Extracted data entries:
────────────────────────────────────────
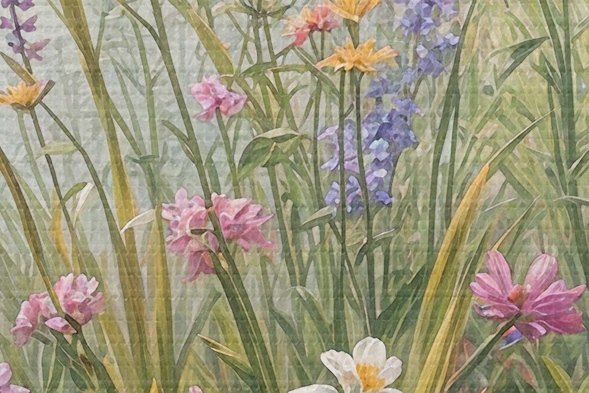 Nuotrauka Laukinės gėlės ir aukštos žolės. Bendroje scenoje vaizduojamas gyvas, natūralus kraštovaizdis Nr r38829
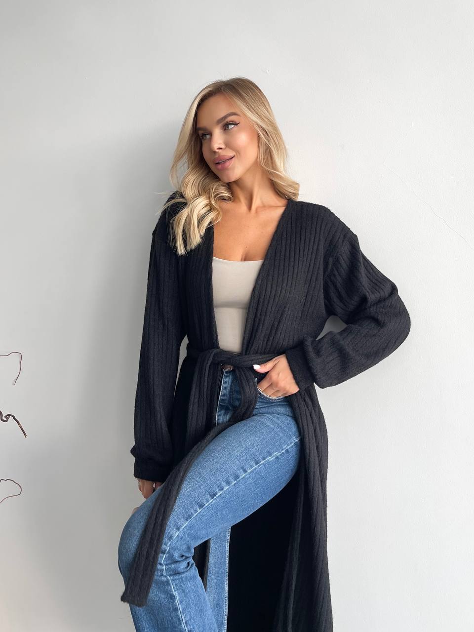 Мягкий кардиган с поясом (альпака рубчик) черный
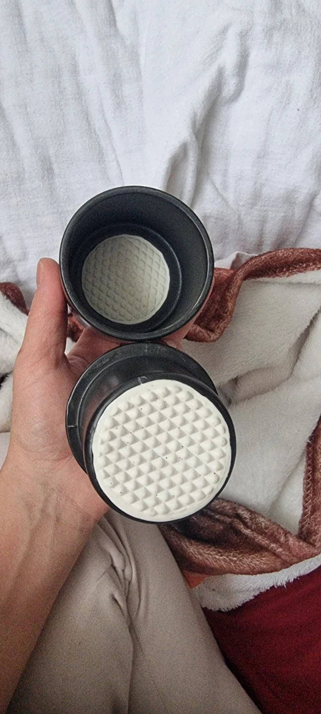 Features a top storage compartment and a coarse grinding pattern at the base.
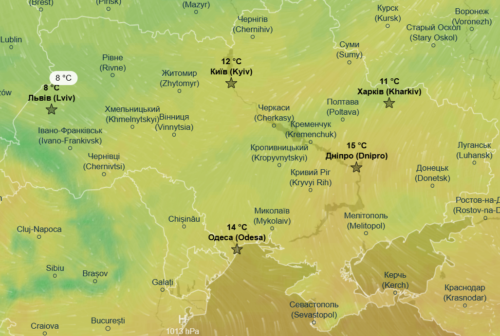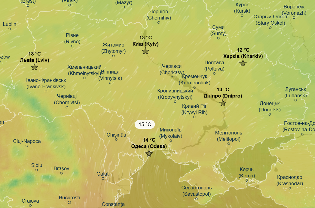 У середу, 15 жовтня, на більшу частину України прийде потепління, однак на Чернігівщині та Сумщині денний максимум складе лише +6 градусів. Тим часом в центральних, західних та південних областях потепліє до +10...+14 градусів.
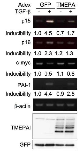 Figure S4. Ectopic Expression of TMEPAI Inhibits TGF-β-Induced Expression of p15, p16, and PAI-1 and Downregulation of c-myc Expression HaCaT cells infected with TMEPAI- or GFP-expressing adenoviruses were stimulated with 0.5 ng/ml TGF-β for 4 h before total RNAs were prepared. The expressions of TMEPAI and GFP in total lysates were detected with anti-V5 (6th panel) and anti-GFP monoclonal antibodies (SantaCruz) (bottom panel). The expressions of p15, p16, c-myc and PAI-1 were measured by semi-quantitative RT-PCR and normalized using the intensity of the band corresponding to β-actin. The level of induction was calculated relative to the value for GFP-infected cells in the absence of TGF-β |
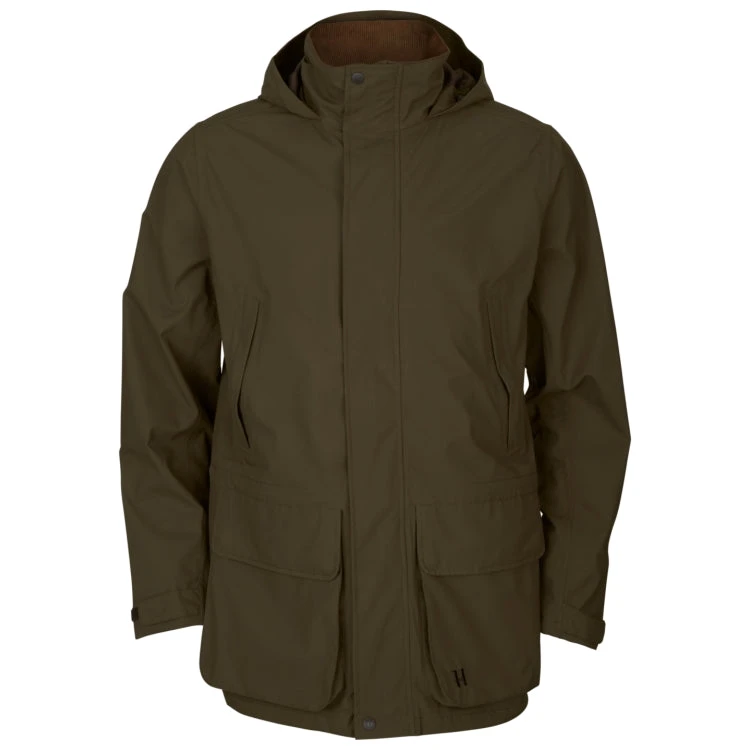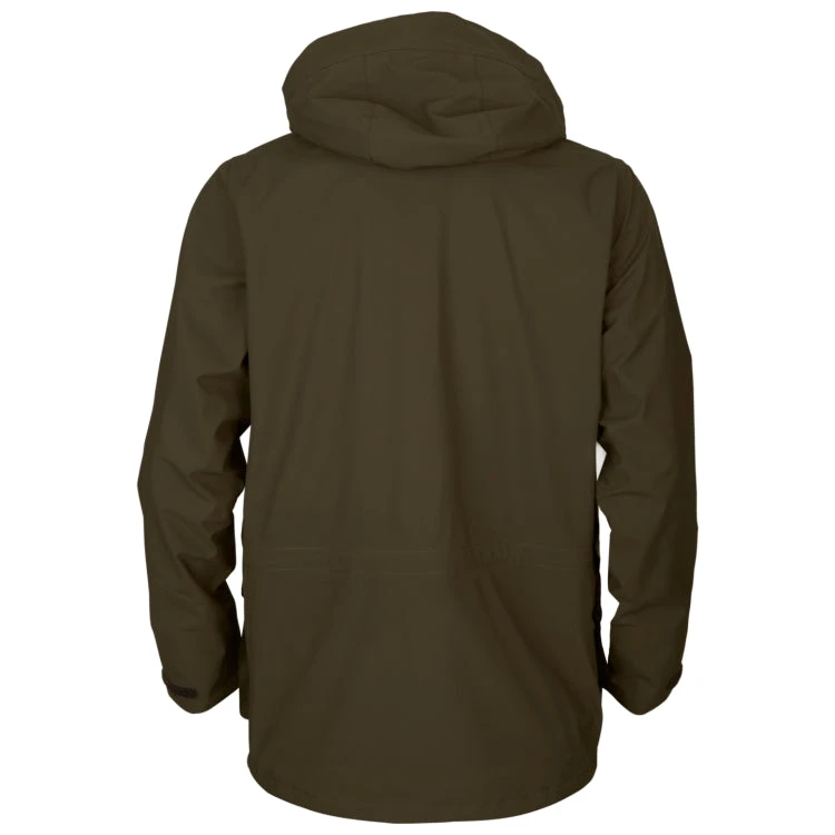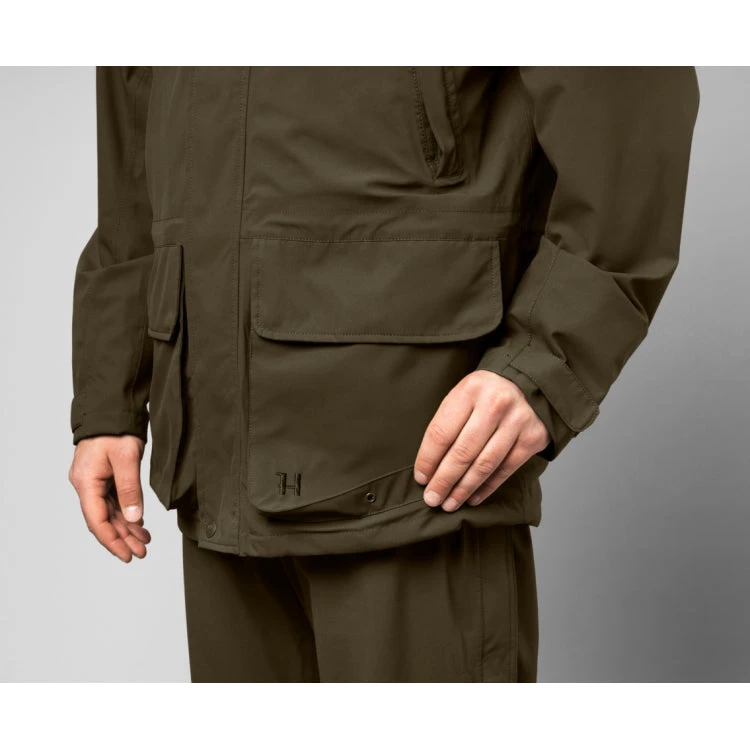 The Harkila Orton Classic Shooting jacket is made from a laminated outer fabric with an HWS® membrane. This makes it windproof and waterproof. For really bad weather, there is a practical, packable hood to keep the rain and strong winds out. The hood is adjustable so as to allow a cap to be worn underneath. There are superb handwarmer pockets, and large front pockets with quick-load straps for holding the flaps open to keep them out the way when reloading while bird shooting. There is also a neat Napoleon pocket and an inner pocket to protect your mobile. The classic fit of the jacket can be adjusted by means of drawstrings at the waist and bottom hem.
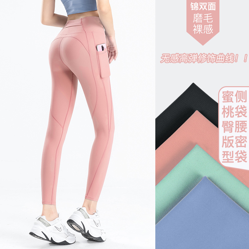 유럽과 미국 크로스 보더 복숭아 힙 피트니스 바지 스크럽 알몸 여름 스포츠 타이트 포켓 하이 웨이스트 힙합 요가 바지 여성용스토어 가기
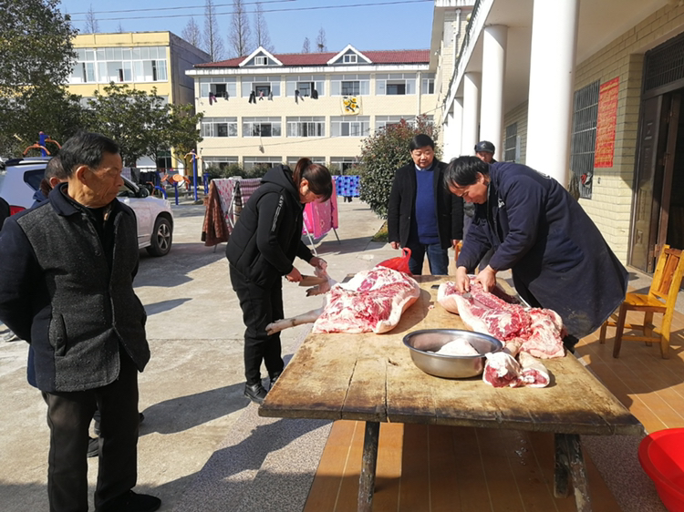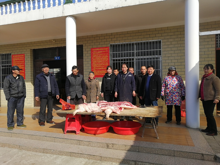 北景港镇:元旦节里爱心猪肉送到敬老院
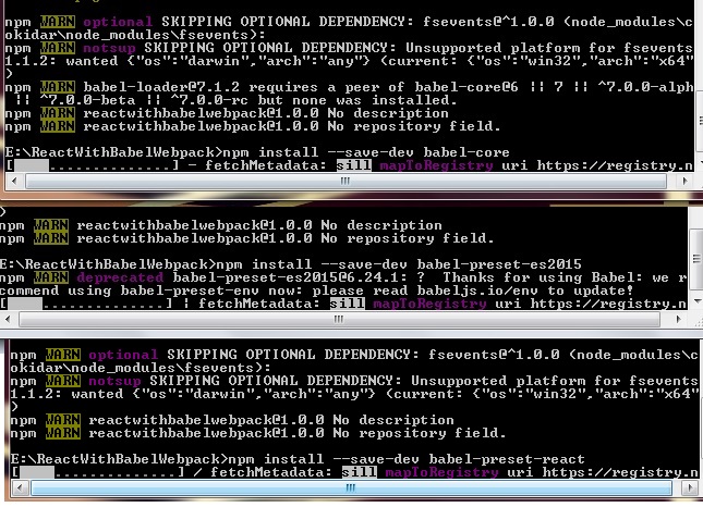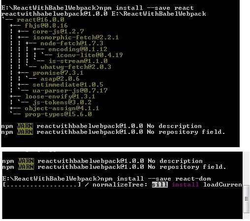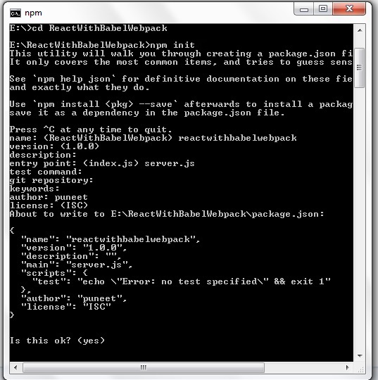 The first step is to Create a new folder, ReactWithBabelWebpack, and right click on Folder and Git Bash here or navigate to folder and run npm init command. After that package.json file is created in our application.
────────────────────────────────────────
§ WORK ITEM
Your answer must consist of the entries, unchanged, with no pictures in it.

§ RESPONSE BELOW
 Nuotrauka Laukinės gėlės ir aukštos žolės. Bendroje scenoje vaizduojamas gyvas, natūralus kraštovaizdis Nr r38829
 Мягкий кардиган с поясом (альпака рубчик) черный
 Features a top storage compartment and a coarse grinding pattern at the base.
 У середу, 15 жовтня, на більшу частину України прийде потепління, однак на Чернігівщині та Сумщині денний максимум складе лише +6 градусів. Тим часом в центральних, західних та південних областях потепліє до +10...+14 градусів.
 Figure S4. Ectopic Expression of TMEPAI Inhibits TGF-β-Induced Expression of p15, p16, and PAI-1 and Downregulation of c-myc Expression HaCaT cells infected with TMEPAI- or GFP-expressing adenoviruses were stimulated with 0.5 ng/ml TGF-β for 4 h before total RNAs were prepared. The expressions of TMEPAI and GFP in total lysates were detected with anti-V5 (6th panel) and anti-GFP monoclonal antibodies (SantaCruz) (bottom panel). The expressions of p15, p16, c-myc and PAI-1 were measured by semi-quantitative RT-PCR and normalized using the intensity of the band corresponding to β-actin. The level of induction was calculated relative to the value for GFP-infected cells in the absence of TGF-β |
 The Harkila Orton Classic Shooting jacket is made from a laminated outer fabric with an HWS® membrane. This makes it windproof and waterproof. For really bad weather, there is a practical, packable hood to keep the rain and strong winds out. The hood is adjustable so as to allow a cap to be worn underneath. There are superb handwarmer pockets, and large front pockets with quick-load straps for holding the flaps open to keep them out the way when reloading while bird shooting. There is also a neat Napoleon pocket and an inner pocket to protect your mobile. The classic fit of the jacket can be adjusted by means of drawstrings at the waist and bottom hem.
 유럽과 미국 크로스 보더 복숭아 힙 피트니스 바지 스크럽 알몸 여름 스포츠 타이트 포켓 하이 웨이스트 힙합 요가 바지 여성용스토어 가기
 北景港镇:元旦节里爱心猪肉送到敬老院
 The first step is to Create a new folder, ReactWithBabelWebpack, and right click on Folder and Git Bash here or navigate to folder and run npm init command. After that package.json file is created in our application.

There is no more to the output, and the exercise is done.